Leading into this game against the Gophers, Nebraska head coach Scott Frost had stressed the importance of jumping out in front and playing the game on your teams against a Minnesota team he knew would work the game clock and limit snaps.

“When you play a team like this, first of all, if you’re ahead you’re in good shape. The game didn’t start very well for us,” Frost said. “We had a couple guys open on the first drive and didn’t connect, and punted to them and they went down and scored. So we were playing catchup the whole first half. They’re going to snap the ball with 2 on the play clock and you’re not going to get a lot of opportunities. So we’ve got to as a staff get them a little more juiced to play.
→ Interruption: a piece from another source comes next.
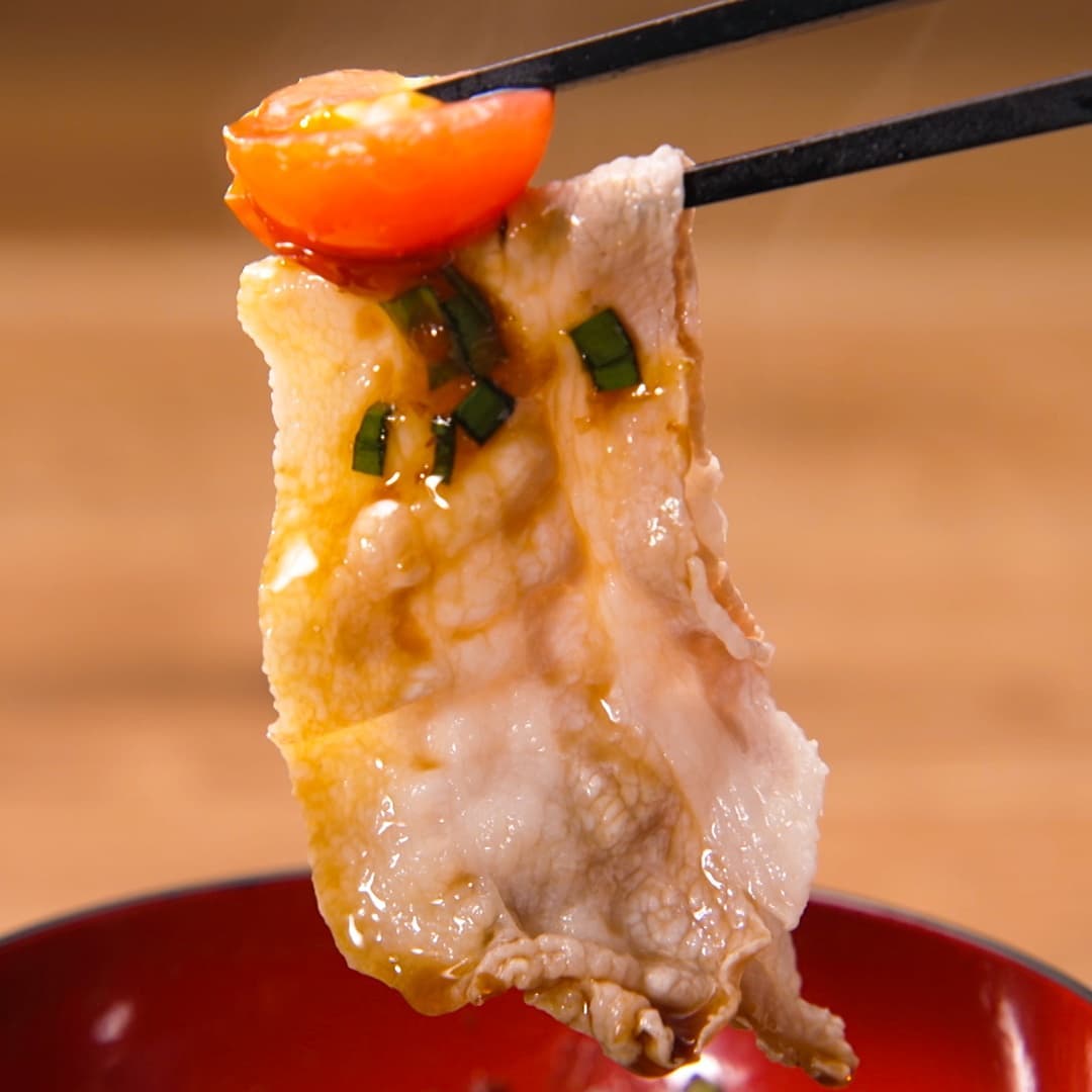 ⑤鍋に切った具材と豚バラ肉をしゃぶしゃぶし、お好みのたれにつけて食べる!

“I didn’t feel we had quite the same energy, and that’s on us. Yeah. And we had every opportunity to be in control of the game after the third quarter.”

Frost wasn’t quite sure how to read his team this week as it played one more important game before a bye week, after some emotional clashes with Michigan, Oklahoma and Michigan State in recent weeks.

“I didn’t know whether to be worried about that or not. The guys have been so professional and working so hard, and preparing so well, and they did that all week again,” he said. “It felt business-like rather than a lot of hype. And I didn’t know whether to be concerned about that or not, because the guys have showed up ready to go all year. Probably other than the first game. But they were mentally ready to go in that one too. There wasn’t as much juice, but we’ve got more of a veteran team now that I figured it looked business-like. It just wasn’t as much juice as we had the last two weeks. We needed more juice obviously in the first half.”

Frost also said, however, that there were also just a lot of one-on-one battles lost: a missed tackle here, a missed protection there.

A hole. It wasn’t so big Nebraska could’ve and should’ve still climbed out of it. But the score is what it is, and the record is what it is.

“Honestly, we got to get better,” Stille said. “That’s the difference is we’ve got to get better, and we got to get that much better to be making these close losses into wins. It’s not going to get done by sitting around.”